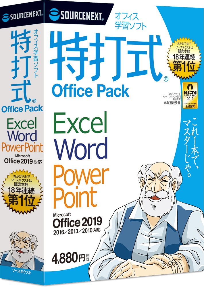 定番のOffice学習ソフトがOffice2019対応で新登場!「お手軽ムービーを見る」→「実際に操作する」→「判定」の3ステップで学習するので、本ではわかりにくい操作も簡単に習得できます。「特打式OfficePack」では、Excel・Word・PowerPointが学べます。※2018年1月〜2018年12月 トレーニングソフト部門 BCN調べ
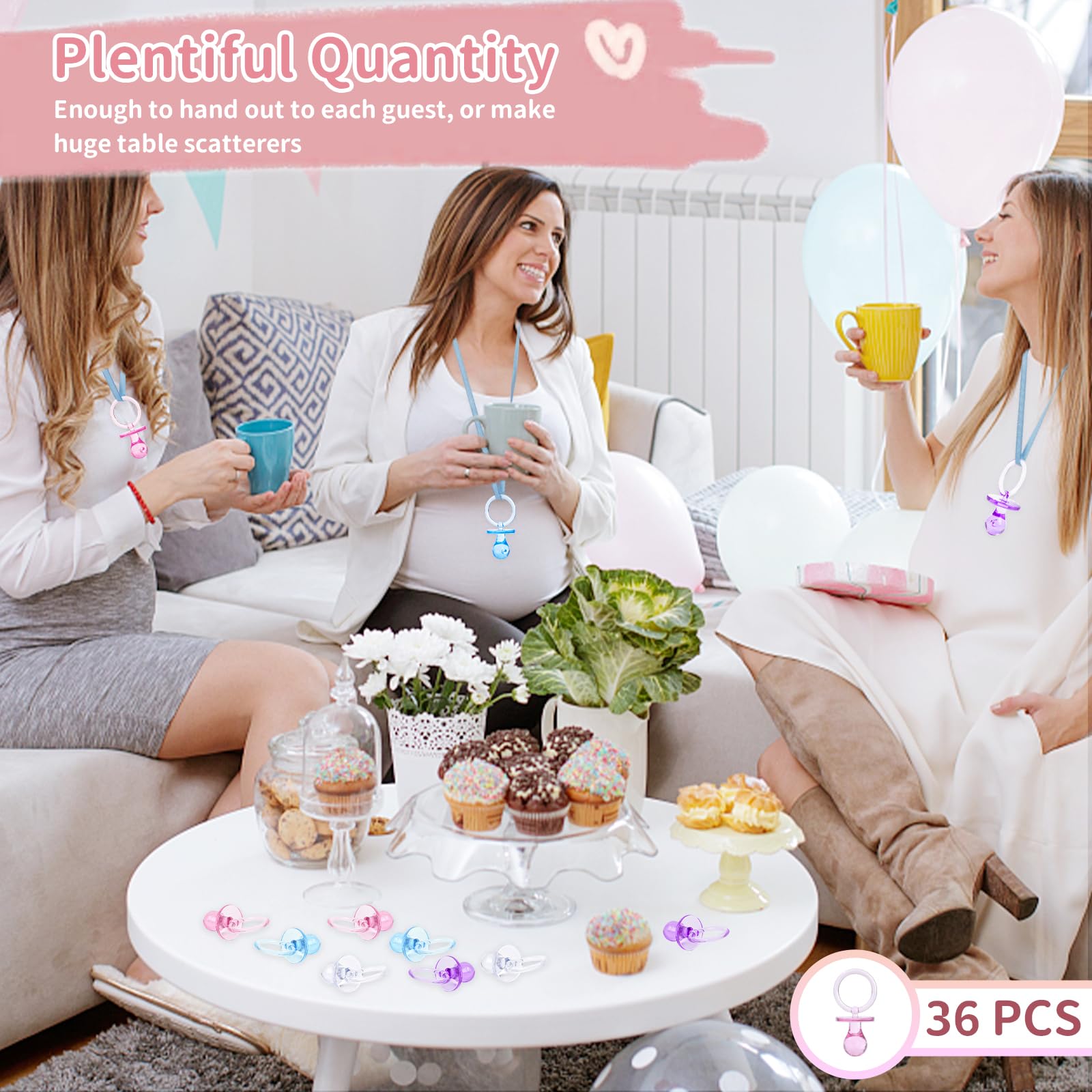 Reliable Acrylic Material - These pacifiers for baby shower game are made of high-quality acrylic material, which is smooth, durable, and odor-free. Safe to use as your table decoration or wear on your body
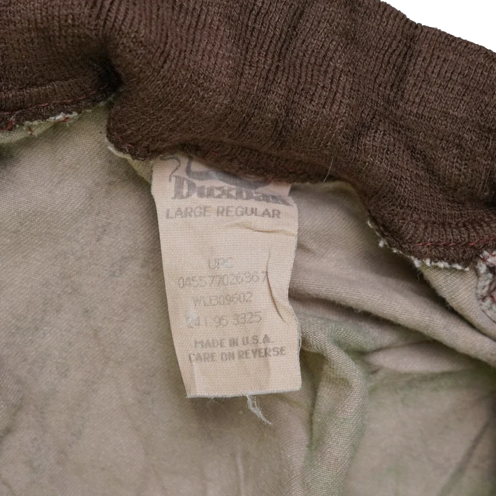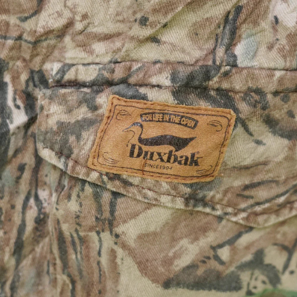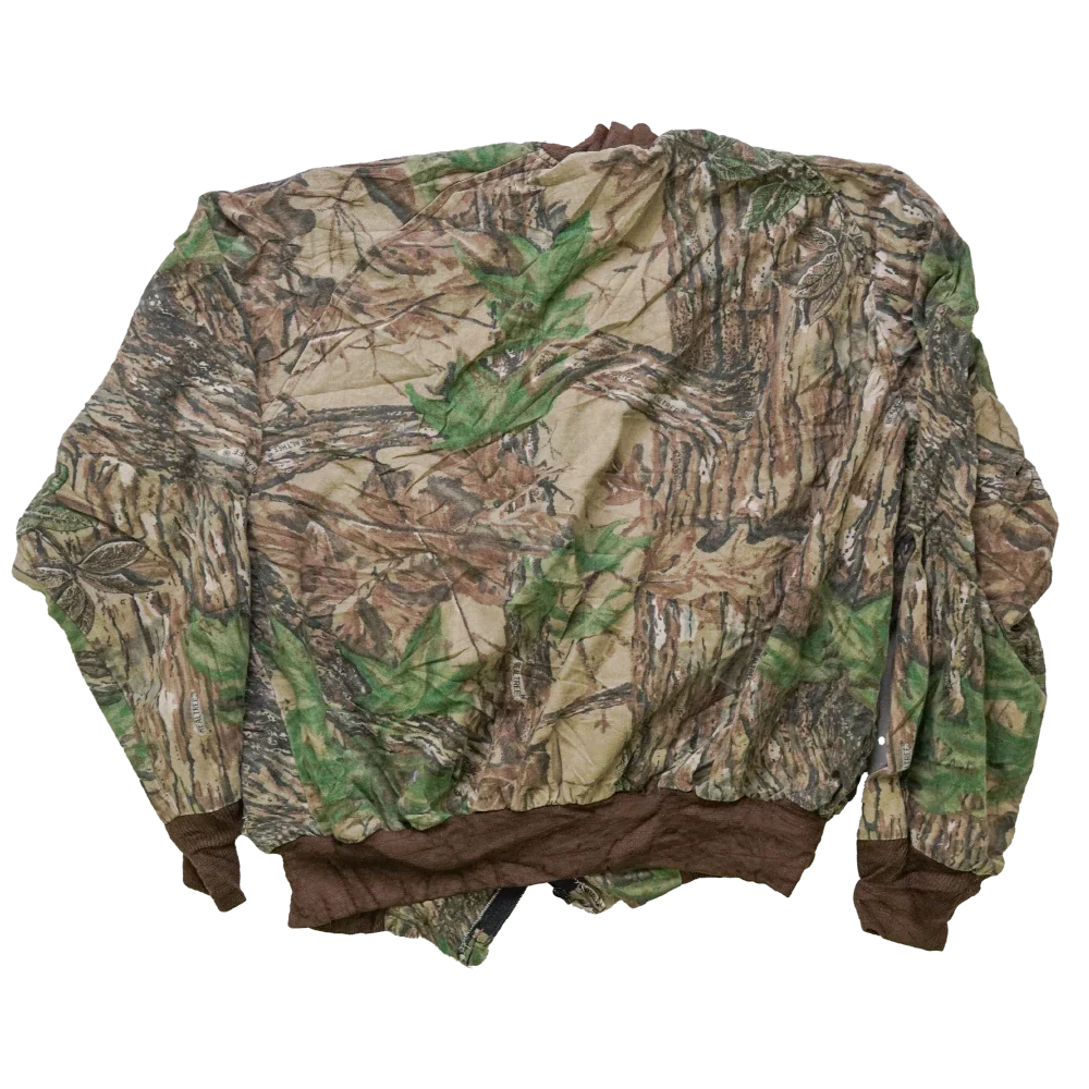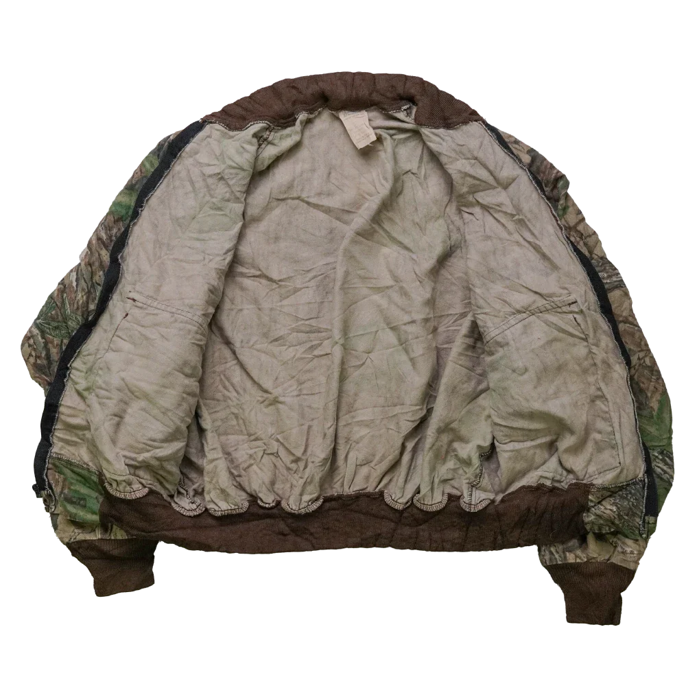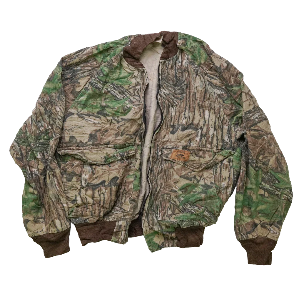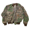 US-made Duxbak bomber jacket in Realtree camouflage. Waist-length bomber cut in Used/Very Good condition.

____

Return the material in full and unaltered, minus its pictures.

 定番のOffice学習ソフトがOffice2019対応で新登場!「お手軽ムービーを見る」→「実際に操作する」→「判定」の3ステップで学習するので、本ではわかりにくい操作も簡単に習得できます。「特打式OfficePack」では、Excel・Word・PowerPointが学べます。※2018年1月〜2018年12月 トレーニングソフト部門 BCN調べ
 Reliable Acrylic Material - These pacifiers for baby shower game are made of high-quality acrylic material, which is smooth, durable, and odor-free. Safe to use as your table decoration or wear on your body
 US-made Duxbak bomber jacket in Realtree camouflage. Waist-length bomber cut in Used/Very Good condition.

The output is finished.